• [Work request] Copy down every line of the data that follows exactly. Omit the pictures.

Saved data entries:
□ □ □ □ □ □ □

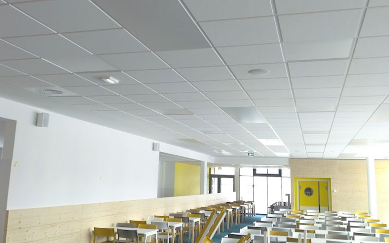 Intégrés aux dalles de faux-plafonds, faciles à installer et performants, les panneaux rayonnants métalliques sont la solution idéale pour ce projet. Pour l’architecte, le choix esthétique devait impérativement correspondre à l’environnement existant du lycée.
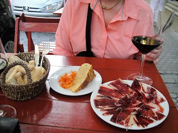 charging!) and settled in for another round of tapas and some excellent Spanish rioja. We had a Spanish omelette, here more
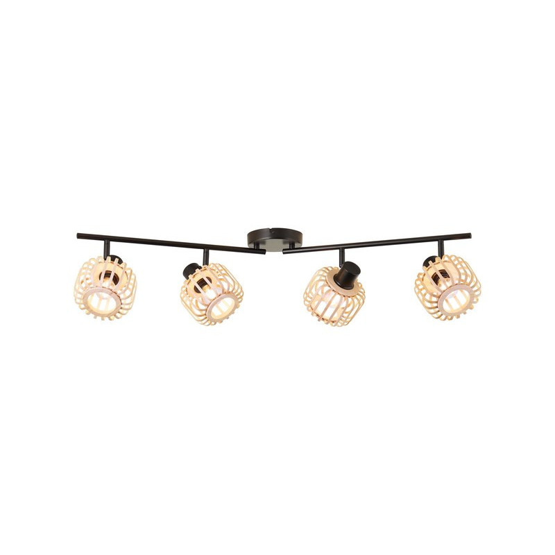 Métal noir/naturel, E14. Classe 2, IP20. 4 spots orientables. Vendue sans ampoule.
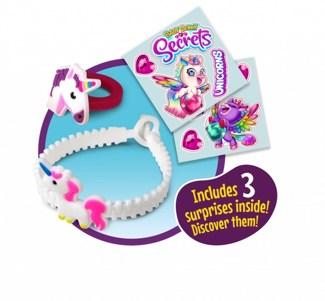 - 1× unicorn de pluș Baby Gemmy, 1× brățară cu surpriză, 1× inel cu surpriză, 1× autocolante
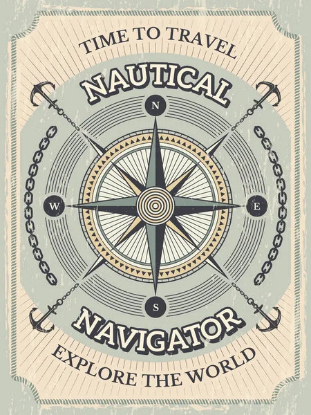 Poster laut. Wind bangkit dan bergaya simbol laut untuk traveler plakat untuk petualangan laut vector retro template — Stok Vektor © ONYXprj #391583560
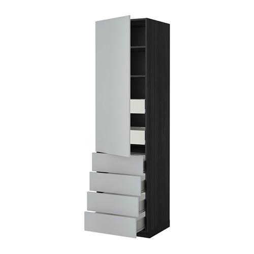 МЕТОД / ФОРВАРА Выс шкаф с плк/6 ящк/ дверц/4 фрнт - 60x60x220 см, Веддинге серый, под дерево черный
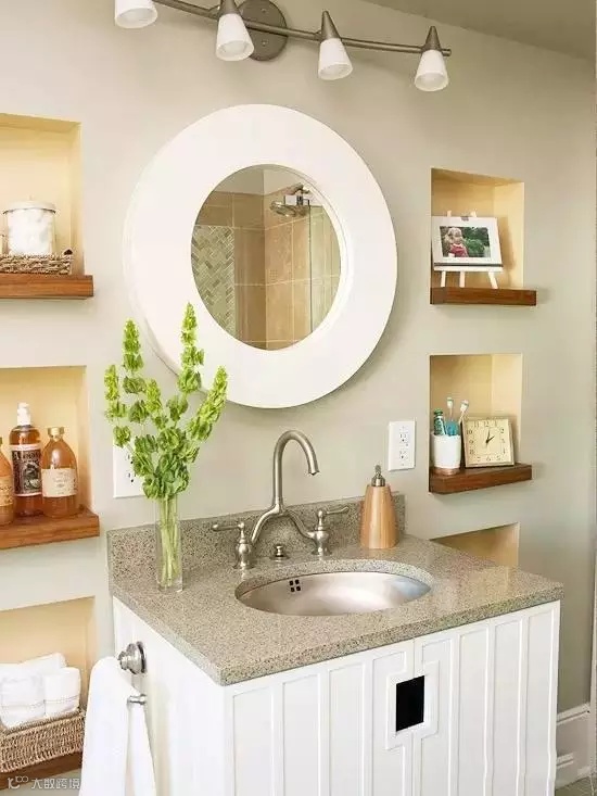 墙面设计真是神来之笔,圆形的镜面与两侧6个方形的墙面凹槽相映成趣,收纳空间顿时翻倍。镜面下方还安排了四个插座,应该可以满足你的需要了吧?
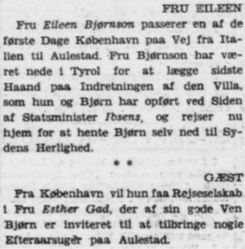 Det sidste Par Aar var det tyndet ud blandt Bjørn Bjørnsons københavnske Venner. Frede Skaarup var død. Johannes Poulsen var død – men til det sidste talte Bjørn Bjørnson om sin Længsel efter at komme ned og hilse paa dem af Vennerne, der var tilbage, først og fremmest Urban og Esther Gad og Overlæge Blegvads.
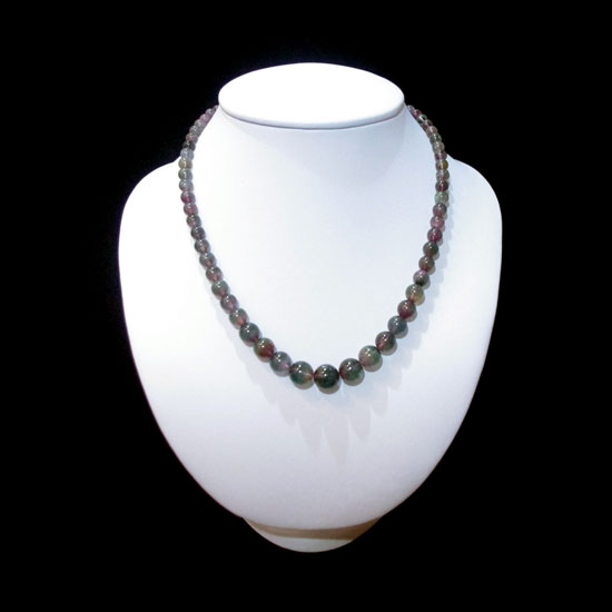 This is a necklace made from tourmaline beads. The tourmaline beads are well polished to offer superior roundness. Spice up your elegant outfit with this beautiful necklace.
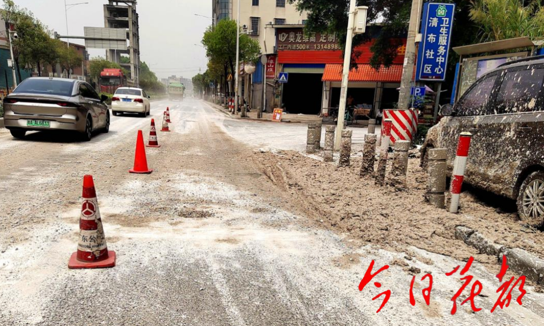 “我们判断应该属于运输车辆途经该路段时撒漏造成的。当时也有热心市民关注到这一突发事件,在12345广州服务热线平台反馈这一情况。由于污染路段靠近村口和社区医院的出入口,为保障行人和过往车辆安全,区公路养护所立即启动突发事件应急预案,马上调动8名应急抢险队员及作业车、洒水车等赶赴现场处置。”区公路养护所相关负责人介绍。
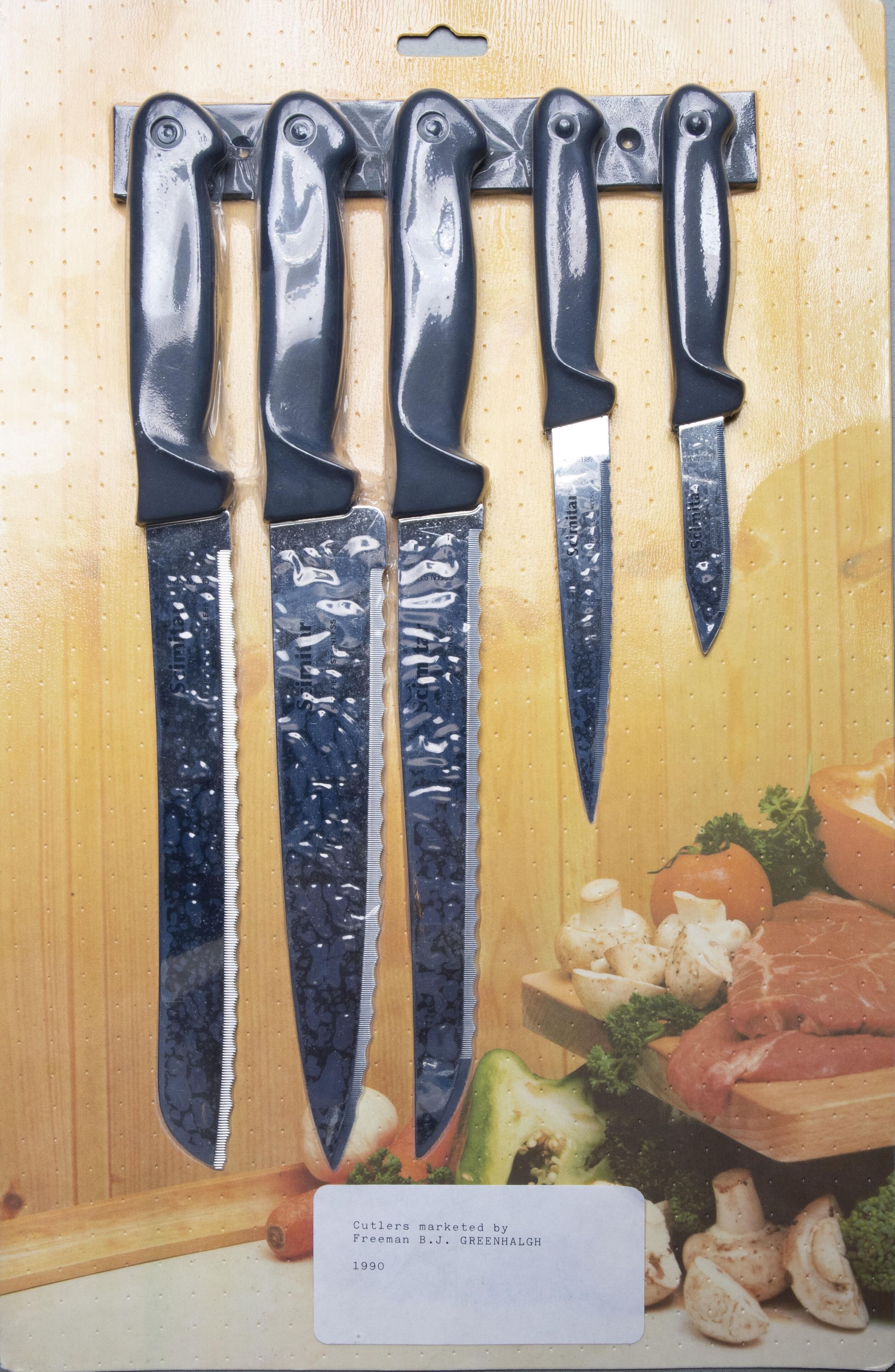 Set of five knives with black plastic moulded handles and a black plastic hanging rack. Mounted (shrink wrapped) on a display card.

□ □ □ □ □ □ □

• [Completed task]
 Intégrés aux dalles de faux-plafonds, faciles à installer et performants, les panneaux rayonnants métalliques sont la solution idéale pour ce projet. Pour l’architecte, le choix esthétique devait impérativement correspondre à l’environnement existant du lycée.
 charging!) and settled in for another round of tapas and some excellent Spanish rioja. We had a Spanish omelette, here more
 Métal noir/naturel, E14. Classe 2, IP20. 4 spots orientables. Vendue sans ampoule.
 - 1× unicorn de pluș Baby Gemmy, 1× brățară cu surpriză, 1× inel cu surpriză, 1× autocolante
 Poster laut. Wind bangkit dan bergaya simbol laut untuk traveler plakat untuk petualangan laut vector retro template — Stok Vektor © ONYXprj #391583560
 МЕТОД / ФОРВАРА Выс шкаф с плк/6 ящк/ дверц/4 фрнт - 60x60x220 см, Веддинге серый, под дерево черный
 墙面设计真是神来之笔,圆形的镜面与两侧6个方形的墙面凹槽相映成趣,收纳空间顿时翻倍。镜面下方还安排了四个插座,应该可以满足你的需要了吧?
 Det sidste Par Aar var det tyndet ud blandt Bjørn Bjørnsons københavnske Venner. Frede Skaarup var død. Johannes Poulsen var død – men til det sidste talte Bjørn Bjørnson om sin Længsel efter at komme ned og hilse paa dem af Vennerne, der var tilbage, først og fremmest Urban og Esther Gad og Overlæge Blegvads.
 This is a necklace made from tourmaline beads. The tourmaline beads are well polished to offer superior roundness. Spice up your elegant outfit with this beautiful necklace.
 “我们判断应该属于运输车辆途经该路段时撒漏造成的。当时也有热心市民关注到这一突发事件,在12345广州服务热线平台反馈这一情况。由于污染路段靠近村口和社区医院的出入口,为保障行人和过往车辆安全,区公路养护所立即启动突发事件应急预案,马上调动8名应急抢险队员及作业车、洒水车等赶赴现场处置。”区公路养护所相关负责人介绍。
 Set of five knives with black plastic moulded handles and a black plastic hanging rack. Mounted (shrink wrapped) on a display card.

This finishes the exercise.